After an hour and a half, I was taken to the ward, where my husband, a child, a psychologist (whom I took in support of childbirth) and my mom were waiting for me. For a lot of emotions and the first attachment of the child to my chest, I completely forgot about my feelings.
Anesthesia began to move away after 6 hours. But in the cut, I did not feel anything for a few more days. After 12 hours, a nurse came to me and asked me to get up and go to the toilet myself.
We tightly bandaged the stomach with a sheet and I began my march. In this procedure, there was little pleasant. It always seemed to me that I would have a seam, although I was assured that this could not happen.
I was told to move as much as possible in order to avoid the formation of adhesions. On the third day, the sheet was removed from the abdomen and I began to move more freely. And on the fifth day of discharge, I was practically a cucumber.
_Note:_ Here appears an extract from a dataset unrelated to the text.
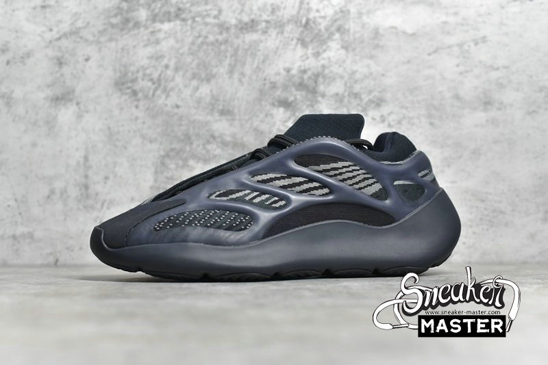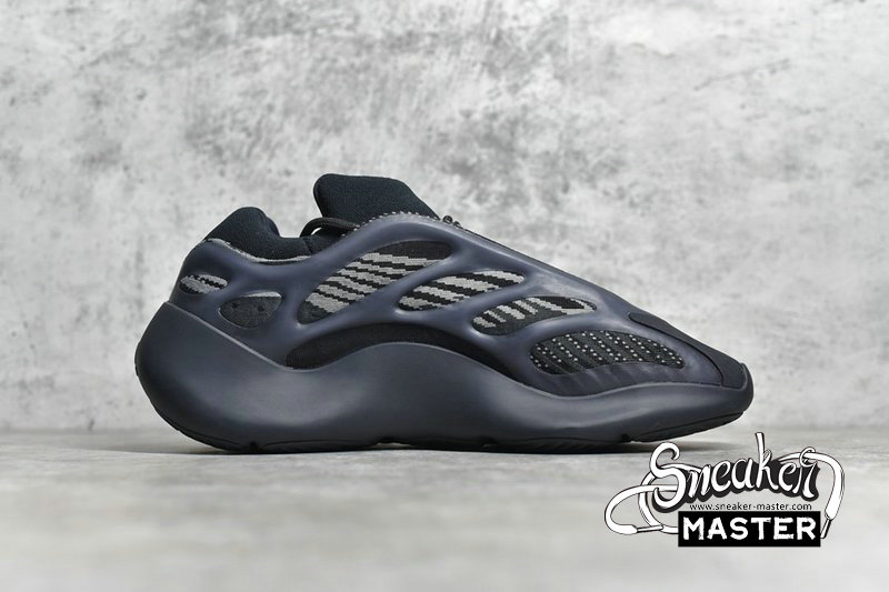 - The Yeezy 700 V3 'Alvah' brings a blacked-out look to its sculpted construction. Buit with black and grey mesh, the upper is overlaid by a glow-in-the-dark RPU exoskeleton to support the fit. The base of the tongue sports reflective detailing, while underfoot, the shoe's EVA midsole is encapsulated by PU.

Perhaps the most unpleasant, on the physical level, were daily injections to the fifth point. They were made 3-4 times a day, 4 shots at a time. That is, every woman in labor on my floor received 16 shots per day. Lame ladies visited the treatment room several times a day, where they reluctantly presented their blue-green priests to the nurse.
But each of us courageously endured this ordeal, realizing that a small miracle awaits us in the ward (or even two at once).
What i think now
Do I regret not choosing natural childbirth? Little. On the one hand, I was preparing for them so much, I read and heard so much that a trace of unfinished action remained in my heart.
On the other hand, I am glad that I managed to survive this quickly and without pain.
And I sincerely believe that everything that does not happen – happens for the better.
And you also clearly remember your period in the hospital?